Resonance phenomenon for the Galerkin-truncated Burgers and Euler equations

Abstract: It is shown that the solutions of inviscid hydrodynamical equations with suppression of all spatial Fourier modes having wavenumbers in excess of a threshold $K_G$ exhibit unexpected features. The study is carried out for both the one-dimensional Burgers equation and the two-dimensional incompressible Euler equation. For large $K_G$ and smooth initial conditions, the first symptom of truncation, a localized short-wavelength oscillation which we call a "tyger", is caused by a resonant interaction between fluid particle motion and truncation waves generated by small-scale features (shocks, layers with strong vorticity gradients, etc).

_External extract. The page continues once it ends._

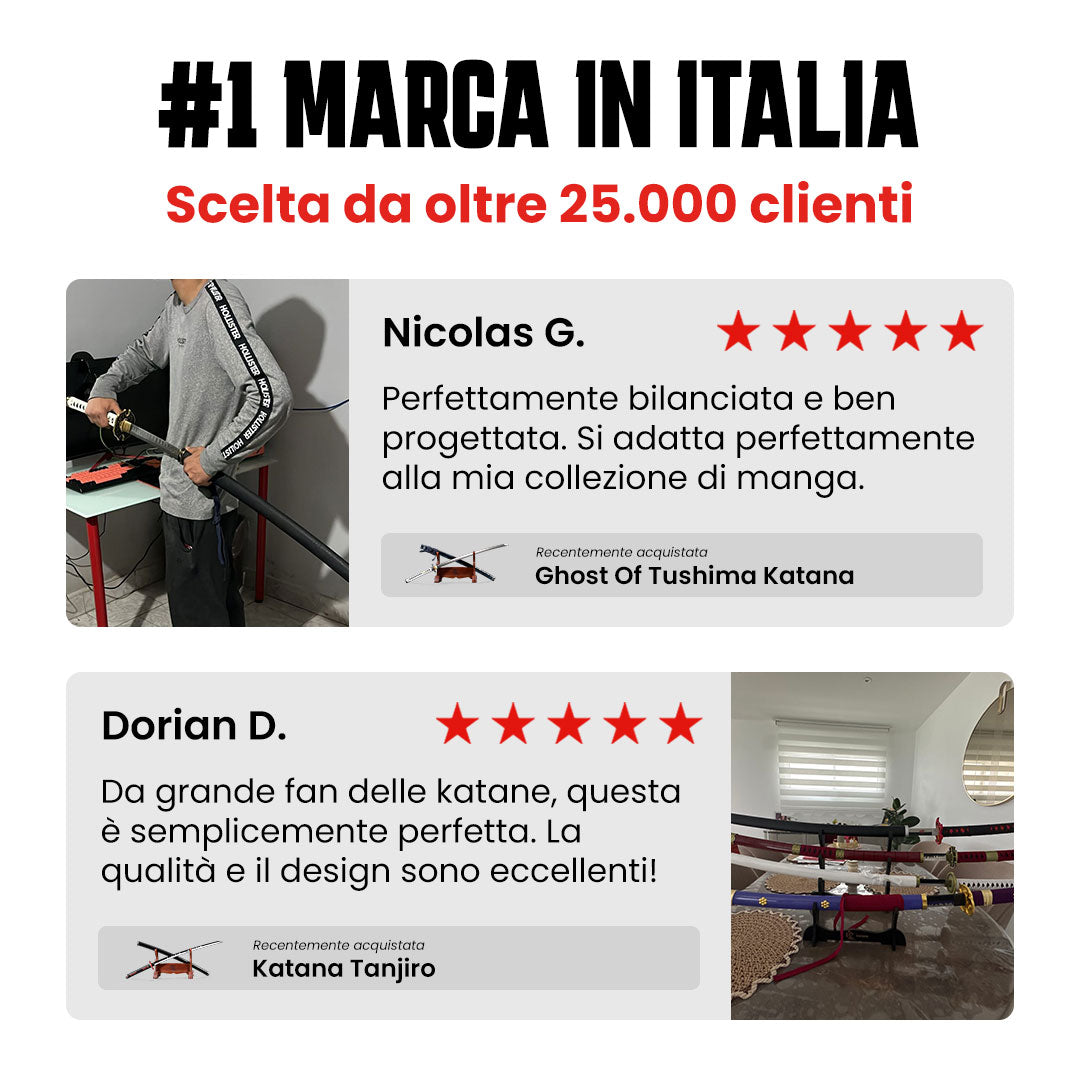 In Katana Italia, siamo orgogliosi della qualità e della maestria artigianale che caratterizzano le nostre katane e repliche fatte a mano.

Tygers appear when complex-space singularities come within one Galerkin wavelength $\lambdag = 2\pi/K_G$ from the real domain and arise far away from preexisting small-scale structures at locations whose velocities match that of such structures. Tygers are weak and strongly localized at first - in the Burgers case at the time of appearance of the first shock their amplitudes and widths are proportional to $K_G^{-2/3}$ and $K_G ^{-1/3}$ respectively - but grow and eventually invade the whole flow. They are thus the first manifestations of the thermalization predicted by T.D. Lee in 1952. The sudden dissipative anomaly - the presence of a finite dissipation in the limit of vanishing viscosity after a finite time $t_\star$ -, which is well known for the Burgers equation and sometimes conjectured for the 3D Euler equation, has as counterpart, in the truncated case, the ability of tygers to store a finite amount of energy in the limit $K_G\to\infty$. This leads to Reynolds stresses acting on scales larger than the Galerkin wavelength and prevents the flow from converging to the inviscid-limit solution. There are indications that it may eventually be possible to purge the tygers and thereby to recover the correct inviscid-limit behavior.